Exercise 2. A 5-stage pipeline (Fetch, Decode, Execute, Memory, Writeback) is processing a stream of instructions. After the pipeline fills, one instruction completes per cycle. However, a branch misprediction flushes the pipeline, wasting cycles.

(a) If a program has 1000 instructions and 10% are branches with 80% prediction accuracy, how many pipeline flushes occur? (b) Each flush wastes 4 cycles (to refill the pipeline). How many extra cycles does this add? (c) What is the effective IPC if the ideal IPC is 1.0?

Solution to Exercise 2

(a) Branches: 1000 * 10% = 100 branches. Mispredictions: 100 * (1 - 0.80) = 20 pipeline flushes.
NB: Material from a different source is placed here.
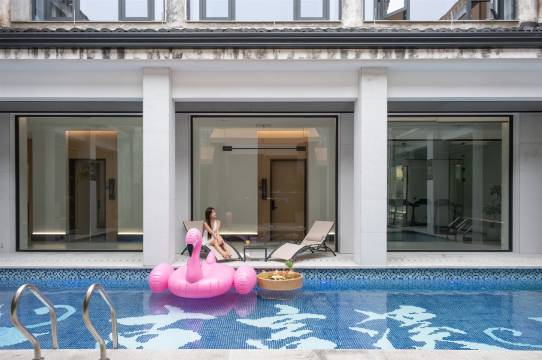 隐匿于湖州南浔古镇的幽静之中,这里古韵悠扬,水乡风情如画,民宿建筑汲取江南传统建筑之精髓,青瓦白墙,飞檐翘角,每一处细节都透露着古典的优雅与宁静。它以古色古香的建筑风格和现代家居的精致融合,为旅人们提供了一个远离尘嚣、回归自然的宁静之所。 民宿有一座宽敞的泳池,宛如明镜般映照着天空与四周的景色,让您在炎炎夏日享受清凉的泳池,让身心得到彻底的放松。无论是清晨享受新鲜空气,还是午后的休闲时光,都能在这里找到属于自己的宁静与惬意。 客房内,现代家居与古典元素完美结合,既保留了古色古香的氛围,又带来了现代生活的舒适与便捷。部分房型更配备了汤池和浴缸,让您在享受古镇风光的同时,也能体验到水疗的放松。公共区域典雅安静,书籍、茶具、精美摆件一应俱全。您可以在这里品茗论道,也可以沉浸在书海中,享受属于自己的静谧时光。 民宿还提供中式营养早餐和西式下午茶,让您的味蕾也能感受到这份雅致与用心。此外,民宿还免费提供健身房,让您在享受休闲时光的同时,也能保持健康的生活方式。民宿不仅仅是一个住宿的地方,更是一次心灵的旅行,一次与古镇对话的机会。在这里,您可以放慢脚步,聆听历史的声音,感受时间的流转,享受一段属于自己的静谧时光。

(b) Extra cycles: 20 * 4 = 80 extra cycles.

(c) Without mispredictions: 1000 cycles for 1000 instructions. With mispredictions: 1000 + 80 = 1080 cycles. Effective IPC = 1000 / 1080 = ~0.93. Branch mispredictions reduced performance by about 7%.

In real programs with more branches and deeper pipelines (15-20 stages in modern CPUs), misprediction penalties are much more severe. This is why branch prediction accuracy of 95%+ is critical for modern CPUs.


Exercise 3. A program runs 1 billion instructions. 30% are memory accesses, and 70% of memory accesses hit the L1 cache (4 cycles). The remaining 30% miss L1 and go to RAM (200 cycles). Non-memory instructions take 1 cycle each.

(a) Calculate the total cycles for non-memory instructions. (b) Calculate the total cycles for memory instructions (L1 hits + L1 misses). (c) What is the average CPI (cycles per instruction)? (d) On a 3 GHz CPU, how long does the program take to run?

Solution to Exercise 3

(a) Non-memory instructions: 1,000,000,000 * 0.70 = 700,000,000 instructions * 1 cycle = 700,000,000 cycles.

(b) Memory instructions: 300,000,000 total.

  • L1 hits: 300,000,000 * 0.70 = 210,000,000 * 4 cycles = 840,000,000 cycles
  • L1 misses: 300,000,000 * 0.30 = 90,000,000 * 200 cycles = 18,000,000,000 cycles
  • Total memory cycles: 840,000,000 + 18,000,000,000 = 18,840,000,000 cycles

(c) Total cycles: 700,000,000 + 18,840,000,000 = 19,540,000,000. Average CPI = 19,540,000,000 / 1,000,000,000 = ~19.5 cycles per instruction.

(d) Runtime = 19,540,000,000 / 3,000,000,000 = ~6.5 seconds.

The L1 misses (only 9% of instructions) account for 92% of total cycles. This dramatically illustrates why memory access patterns dominate performance -- optimizing cache behavior is often more impactful than optimizing computation.

13. Summary

Concept Description
Clock Speed number of cycles per second
IPC instructions completed per cycle
Throughput clock speed × IPC
Pipelining overlapping instruction stages
Superscalar multiple instructions per cycle
Out-of-order execution dynamic instruction reordering
Branch prediction speculative execution of branches
Memory latency major cause of CPU stalls

Modern CPU performance results from the interaction of clock frequency, instruction throughput, and memory behavior.

In practice, programs often run slowly not because CPUs are slow, but because memory latency and inefficient instruction scheduling limit performance.

Exercises

Exercise 1. If a CPU has a clock speed of 3 GHz, how many clock cycles occur per second? How many nanoseconds does one cycle take.

Solution to Exercise 1

A 3 GHz clock produces 3 billion cycles per second. One cycle takes 1/3,000,000,000 seconds = approximately 0.33 nanoseconds.


Exercise 2. Explain why a higher clock speed does not always mean faster program execution.

Solution to Exercise 2

Performance depends on instructions per cycle (IPC) as well as clock speed. A CPU with lower clock speed but higher IPC (due to better architecture, wider execution units, or better branch prediction) can outperform a higher-clocked CPU. Memory latency, cache behavior, and instruction-level parallelism all affect real-world performance.